Não sei se, como afirmou o ministro da Saúde na véspera deste Natal numa visita ao Hospital Pediátrico de Coimbra (agora tratado como simples «departamento pediátrico»), o SNS ainda «é um dos melhores serviços públicos de Saúde». Mas, se não é, já foi. Antes de os governos do PS, PSD e CDS das últimas décadas, que tanto o elogiavam, o terem atacado.
«Mas uma das maiores derrotas do SNS é o esquecimento ou abdicação dos cidadãos mais velhos do que ele representou como construção de um país melhor, e o desconhecimento dos mais novos do que significa como direito de cidadania a cuidados humanizados e de qualidade»
A manutenção do Conselho de Administração (CA) do Centro Hospitalar Universitário de Coimbra (CHUC) e do seu presidente, nomeados pelo governo de Passos Coelho e responsáveis por graves agressões ao SNS, de que se destaca a forçada «fusão» dos hospitais de Coimbra com esventramento do Hospital dos Covões, é uma marca ilustrativa da pequenez da «mudança» e da força da «continuidade» do novo ministro e da sua equipa, neste ano de 2016 quase a terminar.
Entre outros desastres e obras de fachada, o CA dos CHUC – que chegou a concorrer à gestão de um hospital na Argélia e perspectivou «novas unidades satélite do CHUC além-fronteiras» – anunciou, em Maio de 2013, a abertura de «um pioneiro Centro de Ensaios Clínicos», notícia que mereceu a maior atenção das televisões e dos jornais.

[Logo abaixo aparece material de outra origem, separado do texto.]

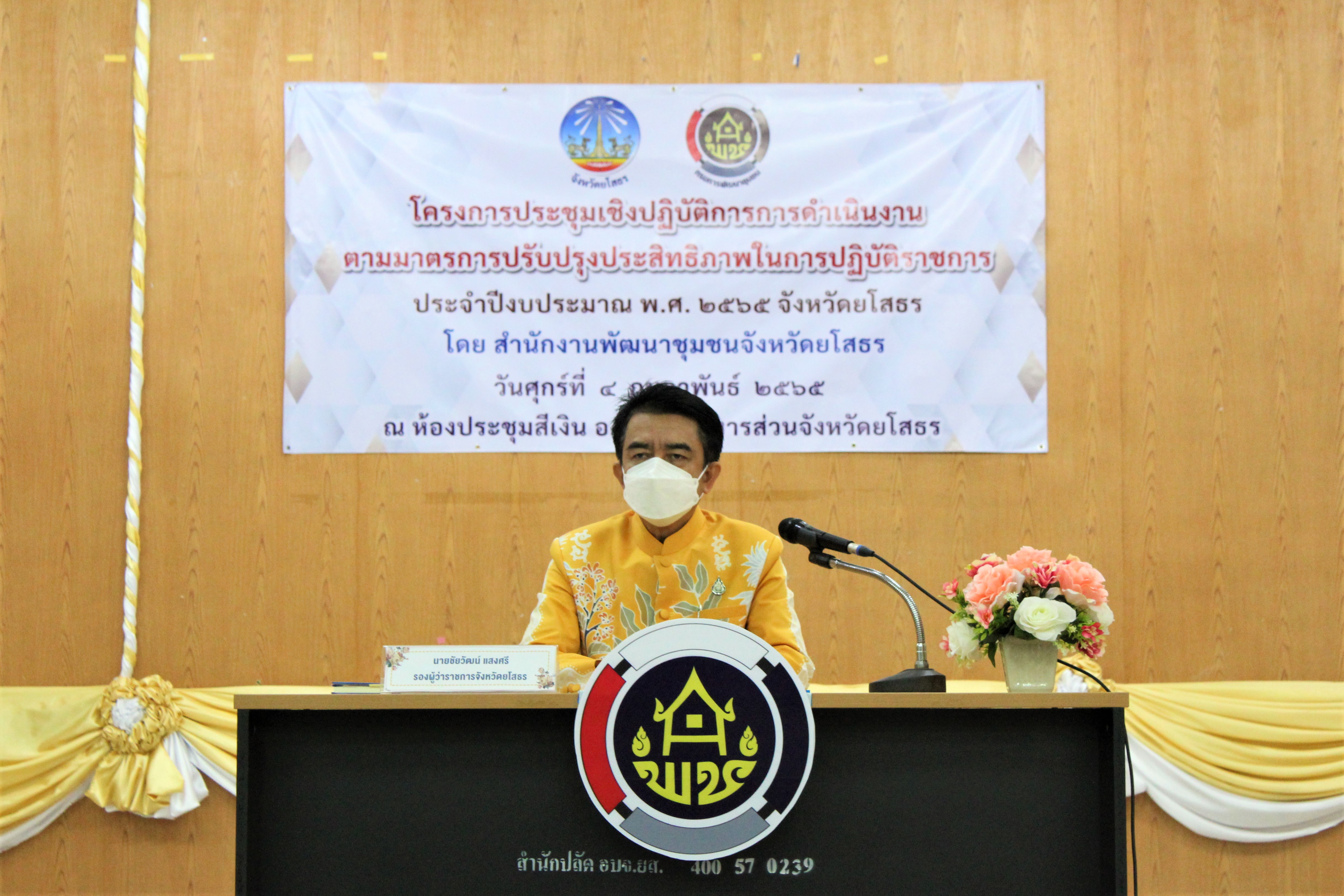 ? นายชลธี ยังตรง ผู้ว่าราชการจังหวัดยโสธร มอบหมายให้ นายชัยวัฒน์ แสงศรี รองผู้ว่าราชการจังหวัดยโสธร ยโสธร ประธานการประชุมเชิงปฏิบัติการการดำเนินงานตามมาตรการปรับปรุงประสิทธิภาพในการปฏิบัติราชการประจำปีงบประมาณ พ.ศ.2565 และพิธีลงนามบันทึกข้อตกลงการดำเนินงานตามตัวชี้วัดและค่าเป้าหมายการประเมินผลการปฏิบัติราชการ โดยมี นายสุรชัย แดนพิบูลย์ ผู้อำนวยการกลุ่มงานสารสนเทศฯ รักษาราชการแทนพัฒนาการจังหวัดยโสธร กล่าวรายงานวัตถุประสงค์ของการประชุมฯ โดยกำหนดถ่ายทอดค่าเป้าหมายตัวชี้วัด จากระดับองค์กรไปสู่ระดับบุคคล เพื่อขับเคลื่อนงานให้สอดคล้องกับค่าเป้าหมายการประเมินส่วนราชการตามมาตรการปรับปรุงประสิทธิภาพในการปฏิบัติราชการ พร้อมด้วย ผู้อำนวยการกลุ่มงานฯ พัฒนาการอำเภอทั้ง 9 อำเภอ พัฒนากร และเจ้าหน้าที่สังกัดสำนักงานพัฒนาชุมชนจังหวัดยโสธร รวมทั้งสิ้น 80 ราย เข้าร่วมประชุมตามโครงการฯ ณ ห้องประชุมสีเงิน องค์การบริหารส่วนจังหวัดยโสธร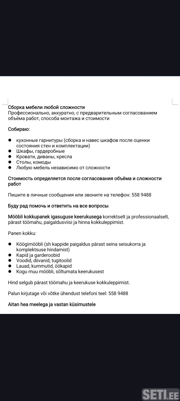 Телефон : 5589488Город : Tallinna/Mardu

Inaugurado um ano depois (Maio 2014), com um ainda maior impacto mediático e as presenças do ministro Paulo Macedo, de secretários de Estado, directores gerais e de que quatro prémios Nobel (!), «o primeiro centro nacional para ensaios clínicos – fase I», como os que «existem na Europa, nos grandes hospitais de ponta, de grande inovação» – nas palavras do Dr. José Nunes, presidente do CA dos CHUC –, constituía «uma grande iniciativa pioneira e rentável», que dava aos CHUC «uma maior visibilidade nacional e internacional no âmbito da investigação clínica», proporcionando ainda a assistência «a um número cada vez maior de nossos doentes, que passará a dispor dos mais recentes inovações em termos de medicamentos, dispositivos médicos e tecnologias da saúde».
Ora, sem querer discutir eventuais vantagens da «turbinagem de conhecimentos» que, no palavroso enunciado do presidente do CA, o «Centro de Ensaios – fase I» iria proporcionar, a verdade é que tal centro não viu até hoje ensaio nenhum, ocupando, há mais de dois anos, uma enfermaria «desactivada» do Hospital dos Covões, que continua deserta e fechada, mantendo a desbotada placa de inauguração à porta, ensaiando apenas o escandaloso silêncio do vazio.
Este é apenas um exemplo da realidade discursiva e oca que faz as páginas dos jornais e inspira o empreendedorismo bacoco de muitos «gestores» do SNS, que parecem mais preocupados com «as oportunidades de negócio» e a «boa imagem» do que com a nobre missão de assistência aos cidadãos.
Não basta, por isso, desbloquear alguns contratos, alargar alguns benefícios, tornar menos abusivas algumas taxas «moderadoras», melhorar alguns horários, prometer algumas obras (como a nova maternidade em Coimbra), para fazer reverter as sequelas das dolosas medidas tomadas nas últimas décadas contra o SNS.
É preciso uma ruptura com a política de destruição neoliberal do SNS e as suas manifestações ideológicas, que favorecem a grande privada e as Parcerias Público-Privadas que lhe sugam os recursos.
Não chega uma aspirina para tratar um cancro destes.